### Exercise
An exact repetition of the data is required; no picture should appear in it.

### Dataset excerpt

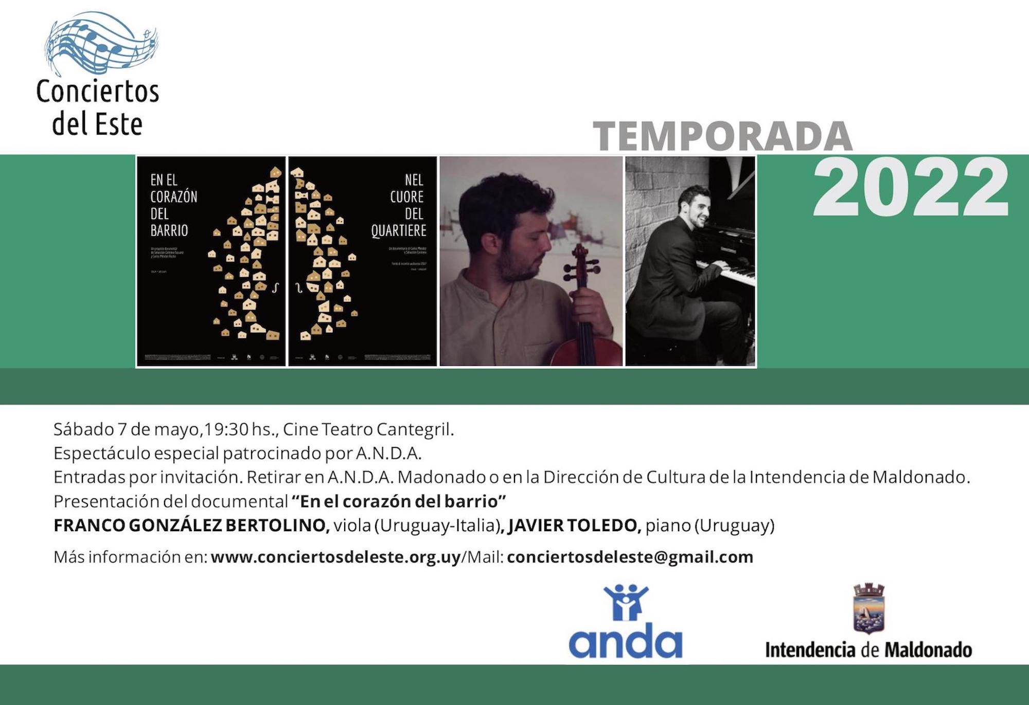 Se estrenará el documental italo-uruguayo "En el corazón del barrio" y actuarán los concertistas Franco González Bertolino en viola y Javier Toledo en piano que ejecutarán obras de Santorsola, Piazzolla y Galzunov, entre otros.
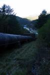 Desde Lafortunada se asciende 1 km hasta el pueblo de Badaín, donde aparco en una zona ancha antes de llegar a la iglesia y hay un cartel que indica el camino (Badaín 725m). En seguida hay un desvío hacia los Chorros y Fuente Fornos, yo continúo por el GR que va hasta Saravillo. El camino se convierte en pista (790m 0h08′) y se pasa por debajo de la tubería forzada de la central hidroeléctrica (836m), continuando de nuevo por senda en el pinar.
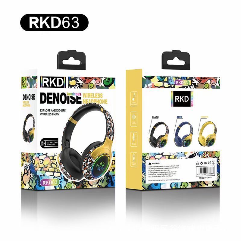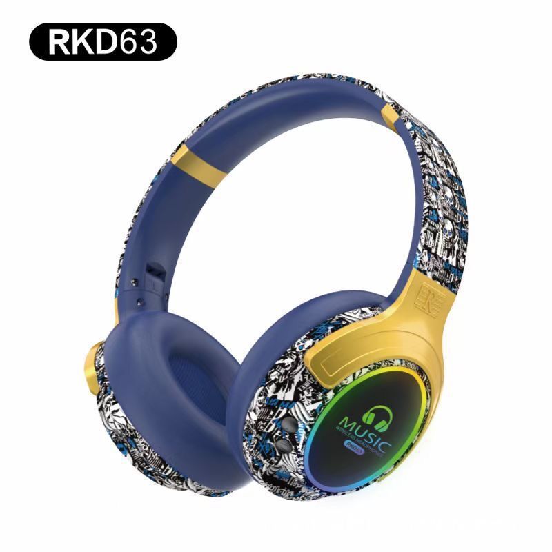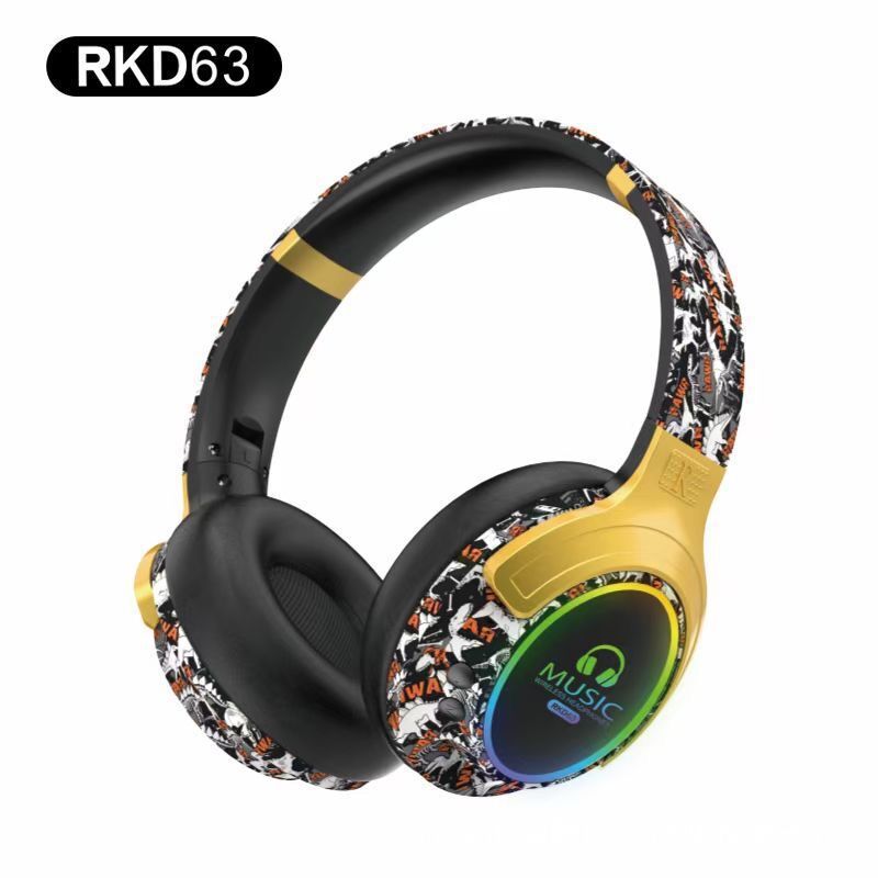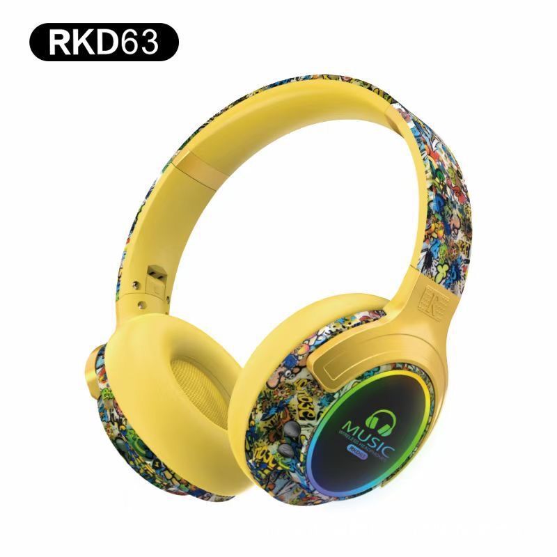 RKD63头戴式新款耳机无线蓝牙音乐耳麦立体声带灯涂鸦工艺

### Exercise solution
 Se estrenará el documental italo-uruguayo "En el corazón del barrio" y actuarán los concertistas Franco González Bertolino en viola y Javier Toledo en piano que ejecutarán obras de Santorsola, Piazzolla y Galzunov, entre otros.
 Desde Lafortunada se asciende 1 km hasta el pueblo de Badaín, donde aparco en una zona ancha antes de llegar a la iglesia y hay un cartel que indica el camino (Badaín 725m). En seguida hay un desvío hacia los Chorros y Fuente Fornos, yo continúo por el GR que va hasta Saravillo. El camino se convierte en pista (790m 0h08′) y se pasa por debajo de la tubería forzada de la central hidroeléctrica (836m), continuando de nuevo por senda en el pinar.
 RKD63头戴式新款耳机无线蓝牙音乐耳麦立体声带灯涂鸦工艺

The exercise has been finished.